Exp. II: With S9 - no cytotoxicity or precipitation in a ny of the concentrations tested. No increase in the number of binucleated cells with miconuclei.
Without S9 (prolonged exposure) - strong cytotoxicity did not allow for further evaluation.

Exp. III: Without S9 - weak cytotoxicity seen in all concentrations. No significant increase in micronuclei.
Remarks on result:
other: all strains/cell types tested
Remarks:
Migrated from field 'Test system'.

Applicant's summary and conclusion

Conclusions:
Interpretation of results (migrated information):
negative

On the basis of this result, PEROXAN BCC does not induce genotoxicity in human lymphocytes.
Executive summary:

In a mammalian cell cytogenicity test (micronucleus test) human peripheral blood lymphocytes (obtained by a donor) were exposed to PEROXAN BCC (analytical purity: 98.5%) in tetradyrofuran (THF) in the presence and absence of mammalian metabolic activation (liver S9 mix, male rats). Prior to exposure the cells were properly cultured in the presence of phytohaemagglutinin.

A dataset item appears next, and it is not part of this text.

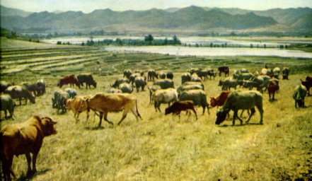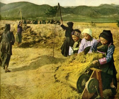 红旗农业社在云南省文山县,1954年春成立时只是一个28户的初级社。经过两年的增产和扩社,这个初级社已在去年下半年转成高级社,拥有450多户社员了。这是社员在麦收。

Three experiments were run as follows:

Experiment I

With and without S9 mix / 4 hrs exposure: 3992.8, 1996.4, 998.2, 499.1, 249.5, 124.8, 62.4 and 31.2 μg/mL

Concentrations for micronuclei scoring: 3992.8, 1996.4 and 998.2 μg/mL

Experiment II

Without S9 mix / 20 ± 2 hrs exposure: 3990, 1995, 997.5, 498.8, 249.4, 124.7, 62.4 and 31.2 μg/mL

With S9 mix / 4 hrs exposure: 3990, 1995, 997.5, 498.8, 249.4, 124.7, 62.4 and 31.2 μg/mL

Concentrations for miconuclei scoring: 3992.8, 1996.4 and 998.2 μg/mL

Experiment III

Without S9 mix / 20 ± 2 hrs exposure: 39.3, 19.6, 9.8, 4.9, 2.5, 1.2, 0.6 and 0.3 μg/mL

Concentrations for miconuclei scoring: 19.6, 9.8 and 4.9 μg/mL

There was no evidence or a concentration related positive response of induced micronuclei in the human lymphocytes.The positive controls did induce the appropriate response.

This study is classified as acceptable.This study satisfies the requirements of test guideline OECD 487 for in vitro cytogenicity (mammalian cell micronucleus test) data.